Survey: ‘Troubling’ freedom of association, speech concerns on U.S. college campuses

By Bethany Blankley | The Center Square

A newly released survey of students at over 500 colleges and universities who belong to Greek-letter fraternities and sororities found that the majority of students don’t feel comfortable publicly disagreeing with their professors on a controversial topic.

“Students who aren’t able to freely express ideas among professors or peers are unlikely to realize the full measure of what higher education has to offer,” Nathan Harden, editor of RealClearEducation, said. “Students are equally underserved by campuses where they don’t feel that their student organizations are treated equally or welcomed on campus. Fostering an environment where students are free to explore a diversity of ideas is one of the chief goals of the university — and this includes the right to form voluntary associations based on shared interests or beliefs.”

Wikimedia Commons/Simon Gibbs

About 38 percent of respondents said their college’s administration would be more likely to “punish the speaker for making the statement” than to “defend the speaker’s right to express their views.”

RealClearEducation commissioned the opinion research firm Slingshot Strategies to conduct a survey among 4,620 fraternity and sorority members on college campuses. Among those polled were 1,805 fraternity members and 2,815 sorority members from more than 500 colleges and universities in 36 states. Students responded to an online questionnaire between June 1 and Sept. 1, 2020.

All students who participated were members of a fraternity or sorority and were enrolled at a college or university during the spring semester of 2020. They were asked questions in four categories: 1) the impact of COVID-19 on their academic, professional, and personal lives; 2) how they felt their fraternity or sorority is viewed by the broader campus community and treated by administrators; 3) the degree to which their university restricts the self-organization of students into groups of shared interest; and 4) the degree to which they can express political and personal views — particularly, unpopular or controversial ones — freely and honestly.

The fourth question on freedom of speech presented the most “troubling” responses, the report notes.

When asked how they felt about publicly disagreeing with a professor, 60% of respondents said they felt uncomfortable; whereas 60% said they felt comfortable if the discussion was with their peers.

When asked if they felt comfortable expressing their opinion online, 41% said they felt very uncomfortable doing so.

Half of all respondents have felt the need to self-censor, the survey found: 50% of students answered “yes” to the question, “Have you personally ever felt you could not express your opinion on a subject because of how students, a professor, or the administration would respond?”

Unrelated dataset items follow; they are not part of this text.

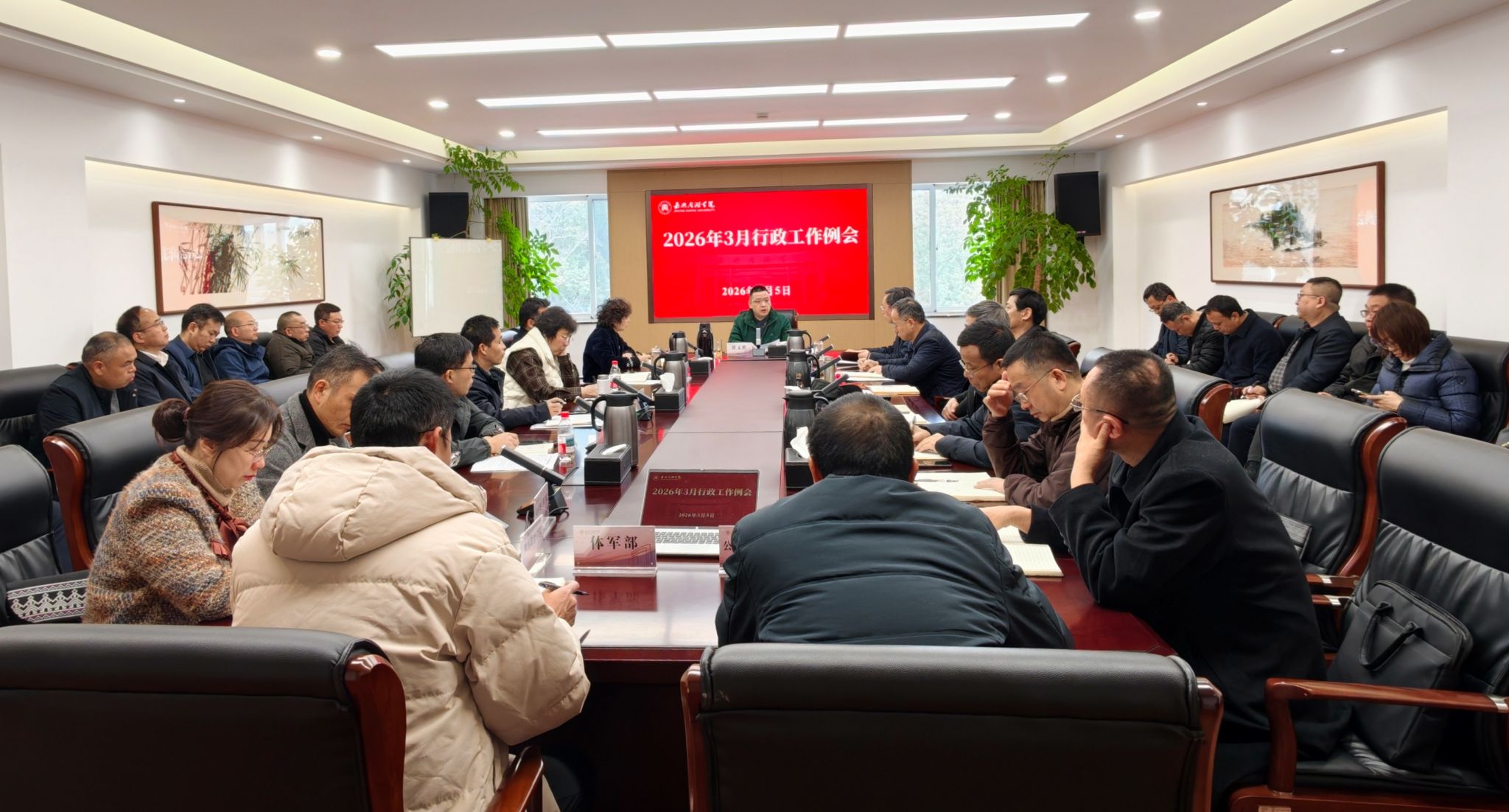 3月5日上午,学校召开2026年3月份行政工作例会,校长贾文胜就迎评促建工作作重点部署,副校长蒋文波、朱蓉、李泉明、赵渊参会。学校各部门及二级学院行政负责人参加。
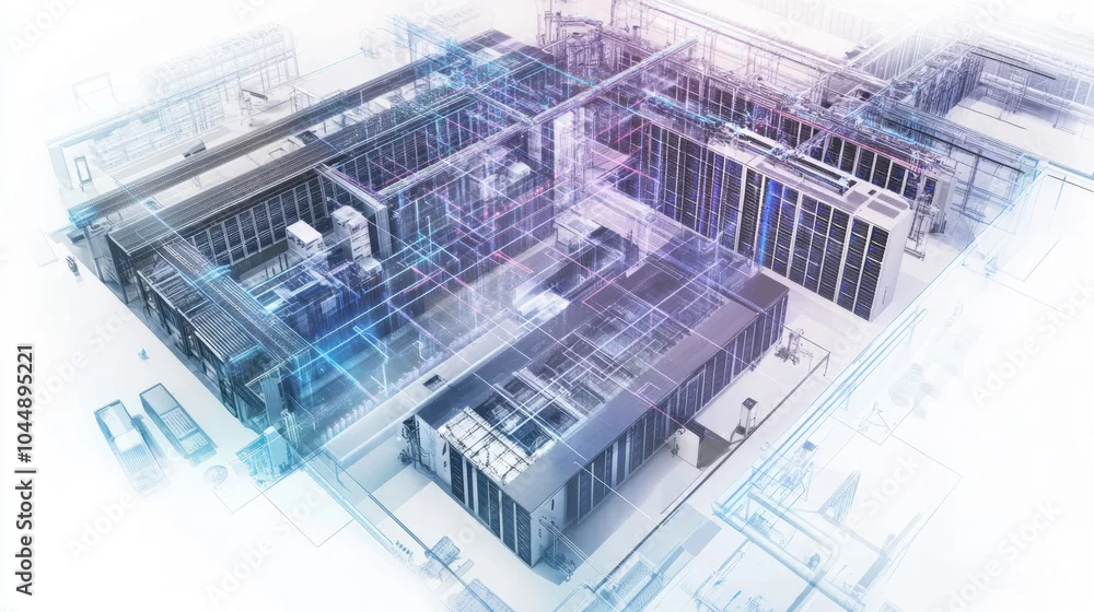 detailed architectural layout of data center, showcasing organized server racks and infrastructure. design emphasizes efficiency and modern technology, creating visually striking representation of
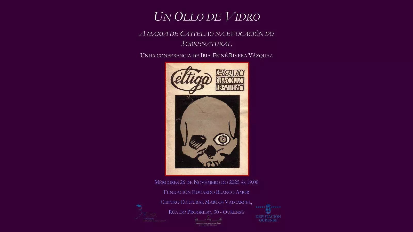 Iria-Friné Rivera Vázquez, historiadora del arte, investigadora, escritora y creadora, impartirá una conferencia sobre 'Un ollo de Vidrio', novela de fantasía y terror de Castelao, llamada 'Un Ollo de Vidro. A maxia de Castelao na evocación do Sobrenatural'.
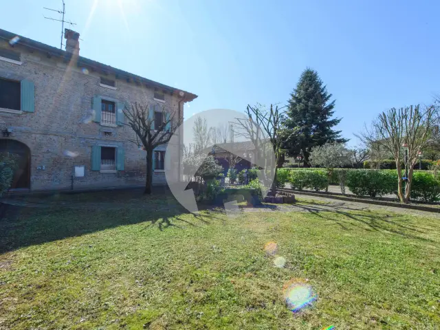 Correggio, Via Monache: si propone in vendita villa abbinata di ampie dimensioni ristrutturata a fine anni '90 e nel 2011 con giardino privato di oltre 1.500 mq, doppia autorimessa con cantina in corpo staccato e fabbricato staccato ad ex uso agricolo da ristrutturare e con possibile riqualificazione in abitativo.

About 38 percent of respondents said their college’s administration would be more likely to “punish the speaker for making the statement” than to “defend the speaker’s right to express their views.”

“It is interesting to contemplate whether these differences are more a reflection of Gen Z’s particular characteristics and concerns, compared with millennials and older generations, or whether they represent a meaningful change in the culture or climate on college campuses,” the report notes.

The findings are similar to those of a survey conducted by the Foundation for Individual Rights in Education (FIRE) last December. In FIRE’s national survey of 478 higher education institutions, 9 in 10 restrict free speech in some capacity on campus but nearly half maintain policies that “impermissibly restrict online speech.”

The study found that 88% of those surveyed maintain policies that restrict, or could be interpreted to restrict, expression.

Each of the 478 policies analyzed can be found in FIRE’s Spotlight Database. Schools are ranked according to color, with red indicating that the institution has the most restrictive policies, and green, the least. First Amendment protections analyzed include policies related to protest, online speech, harassment and civility.

Among them, 21% of schools received an overall red light rating for maintaining speech codes that both “clearly and substantially” restrict freedom of speech.

More than half of red light-ranked schools are located in the District of Columbia and seven states: Alaska, Delaware, Illinois, Oregon, South Carolina, Vermont, and Wyoming.

Roughly 12% of institutions analyzed, a total of 56, received a green light ranking for having no policies in place that compromise student expression, according to the database.

Yellow light-ranked institutions represent the majority, 65%, which have policies in place that prohibit, or have an impermissible chilling effect on, constitutionally protected speech.